### About this exercise
Copy out the data from the line containing "При укладке кафеля" to its last line, exactly. No pictures.

### Supplied data
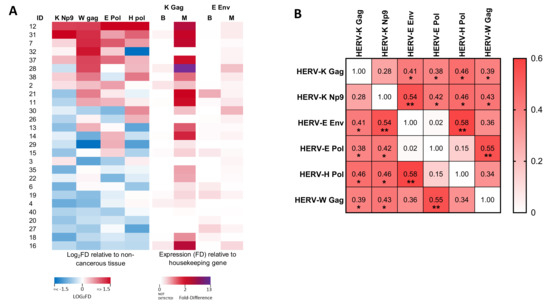 Associations between expression of various HERV transcripts in prostate cancer tissue. (A) Heat map showing the differential expression (log2 fold difference; FD) of HERV RNA transcripts in prostate cancer tissues from men with prostate cancer. Left panels show expression of HERV-K Np9, HERV-W Gag, HERV-E Pol and HERV-H Pol in malignant regions relative to benign regions of the prostate (each standardised to GAPDH). Right panels show expression of HERV-K Gag and HERV-E Env in both benign (B) and malignant (M) regions relative to expression of GAPDH (due to transcripts being undetectable in many benign tissue samples). (B) Correlation matrix showing the association between expression levels of the various HERV transcripts as determined by non-parametric Spearman’s correlation. For HERV-K Gag and HERV-E Env, the expression level in malignant tissues (relative to GAPDH) was analysed, whilst for all other transcripts, the expression in malignant tissue relative to benign tissue (both standardised to GAPDH) was used. Values show Spearman’s rho. * and ** indicate p < 0.05 and 0.01, respectively.
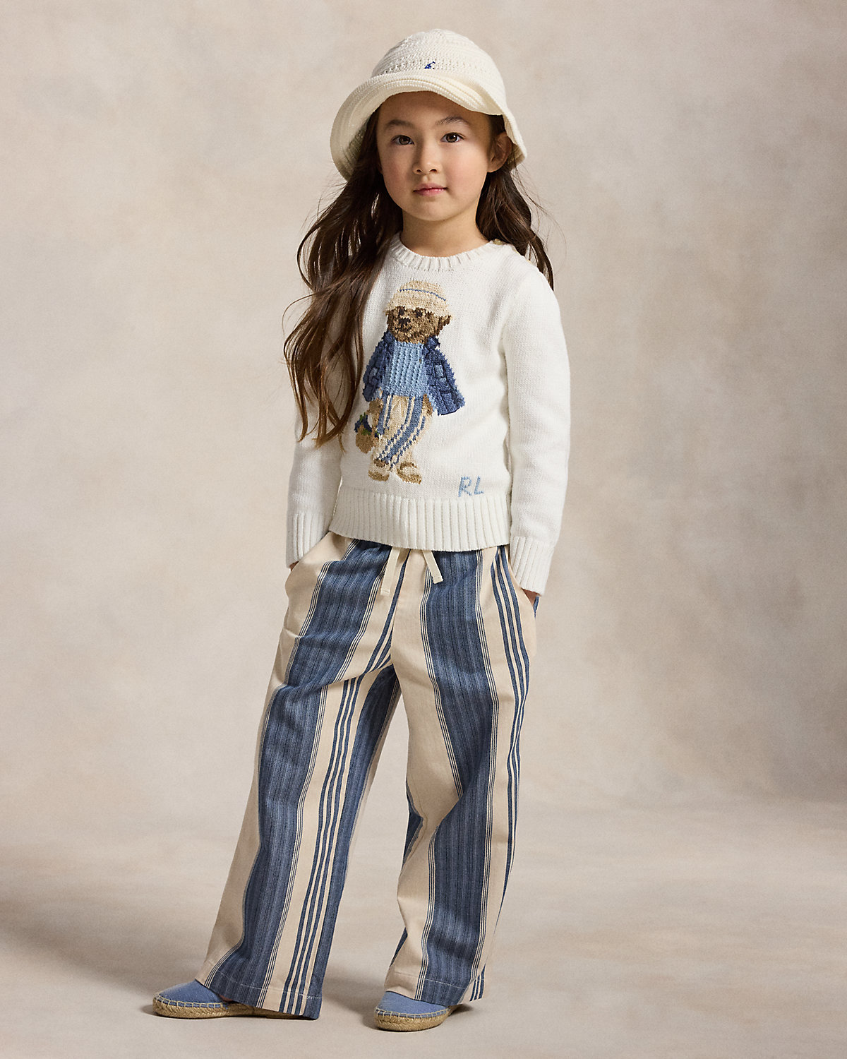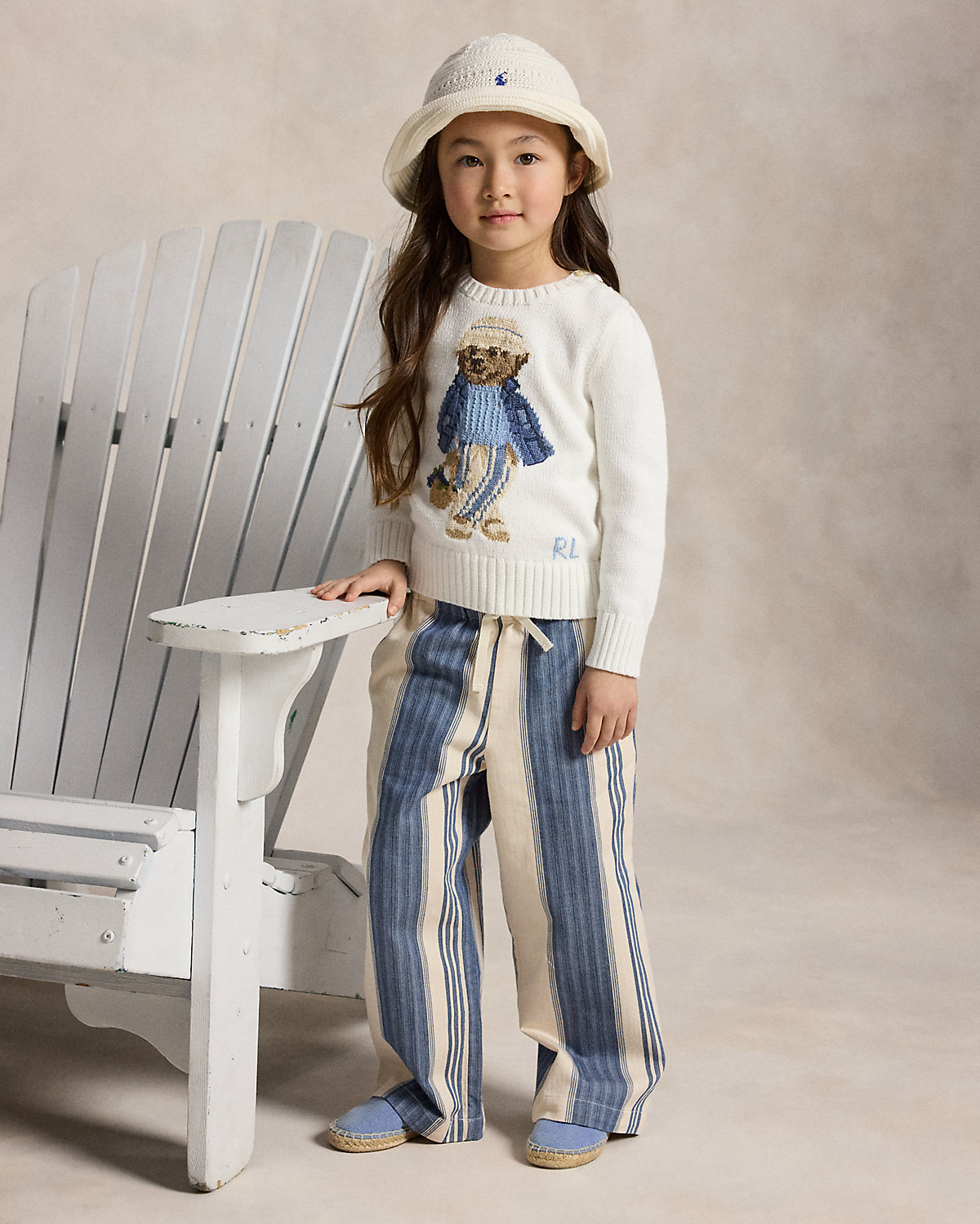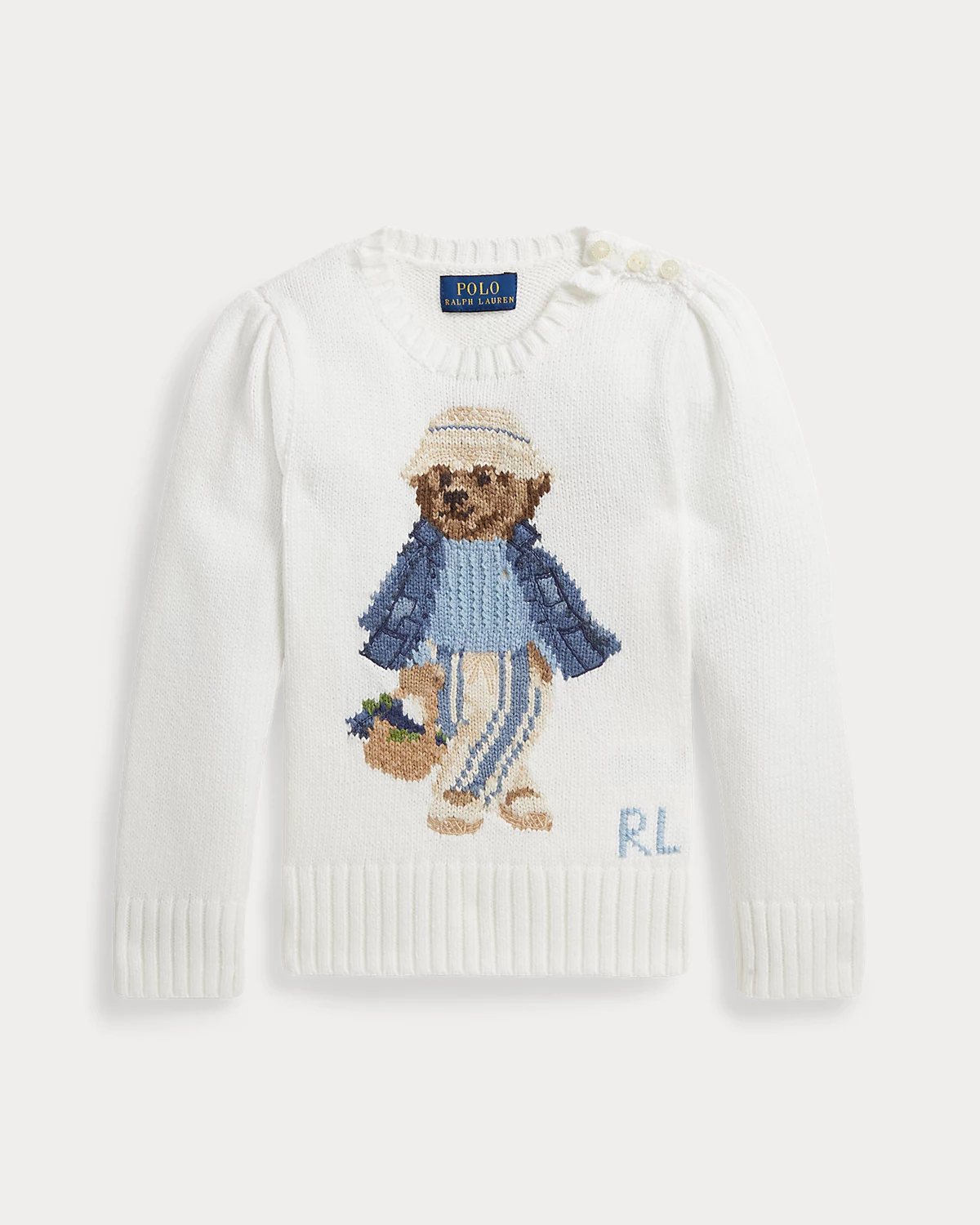 Crafted with more than 15 different combed cotton yarns, this sweater depicts our beloved Polo Bear in a signature Ralpthth Lauren outfit inspired by New England’s effortless coastal charm.
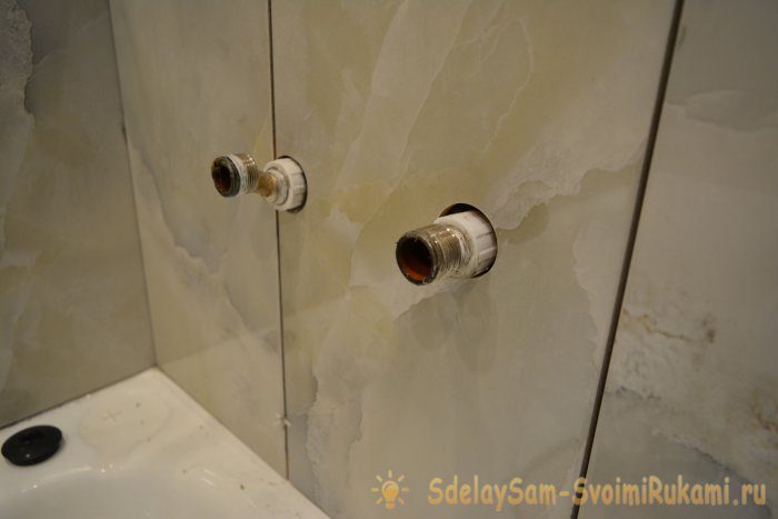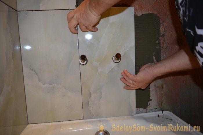 При укладке кафеля в районе водопроводных соединений вам потребуется проделать в плитке отверстие.
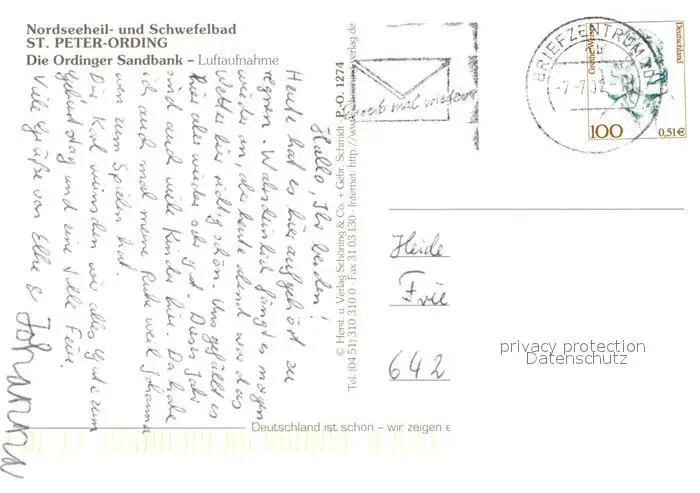 St_Peter-Ording Ordinger Sandbank Fliegeraufnahme St_Peter-Ording postalisch gelaufen 1992 Erhaltung siehe scans [FriedD77] Frierer
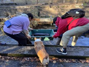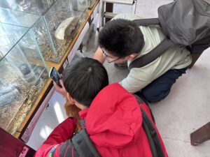 迫力満点のオオサンショウウオも間近で見ることができ、学生たちは大興奮✨
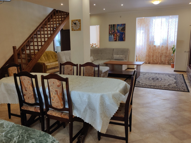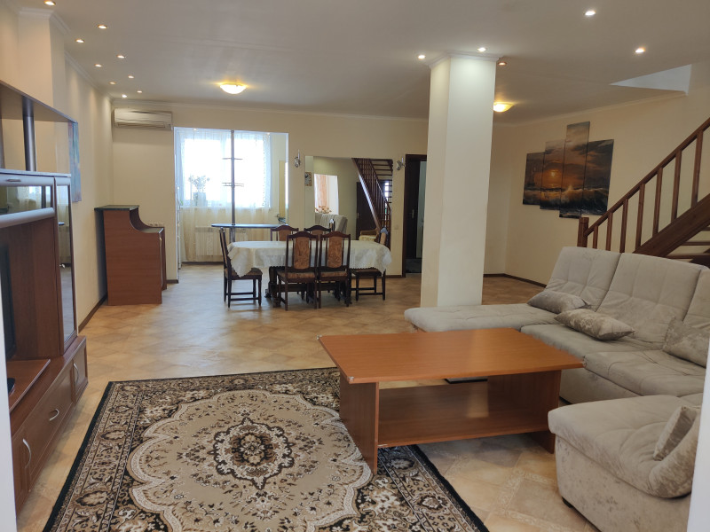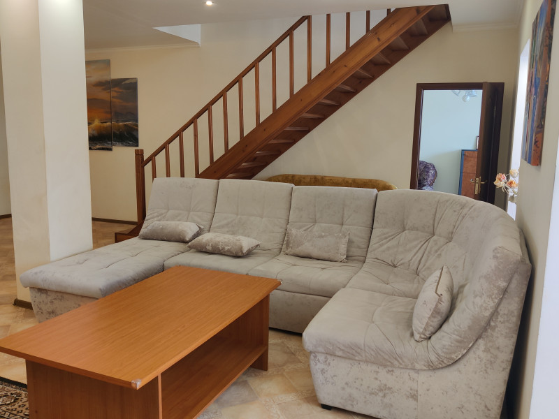 Портпоселок. 1ая линия от леса. в гараже 1 место плюс парковка на улице. На участке газонная трава, печь для барбекю. В доме на 1 эт - сауна, санузел, котельная, зона кухни, большая гостиная, лоджия с выходом на участок, кабинет. На 2 этаже: 2 спальни со своими ванными комнатами, 2 детских, санузел. На мансарде 2 комнаты и санузел (при большом количестве проживающих - за доп. плату). В цену входит ВСЯ коммуналка, в расчете до 5 чел. Плюсом депозит и комиссия.
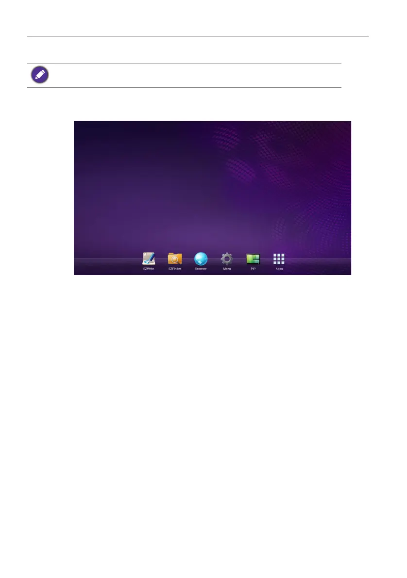 • Press HOME on the remote control or Home button on the front panel to return to

### Answer space
 При укладке кафеля в районе водопроводных соединений вам потребуется проделать в плитке отверстие.
 St_Peter-Ording Ordinger Sandbank Fliegeraufnahme St_Peter-Ording postalisch gelaufen 1992 Erhaltung siehe scans [FriedD77] Frierer
 迫力満点のオオサンショウウオも間近で見ることができ、学生たちは大興奮✨
 Портпоселок. 1ая линия от леса. в гараже 1 место плюс парковка на улице. На участке газонная трава, печь для барбекю. В доме на 1 эт - сауна, санузел, котельная, зона кухни, большая гостиная, лоджия с выходом на участок, кабинет. На 2 этаже: 2 спальни со своими ванными комнатами, 2 детских, санузел. На мансарде 2 комнаты и санузел (при большом количестве проживающих - за доп. плату). В цену входит ВСЯ коммуналка, в расчете до 5 чел. Плюсом депозит и комиссия.
 • Press HOME on the remote control or Home button on the front panel to return to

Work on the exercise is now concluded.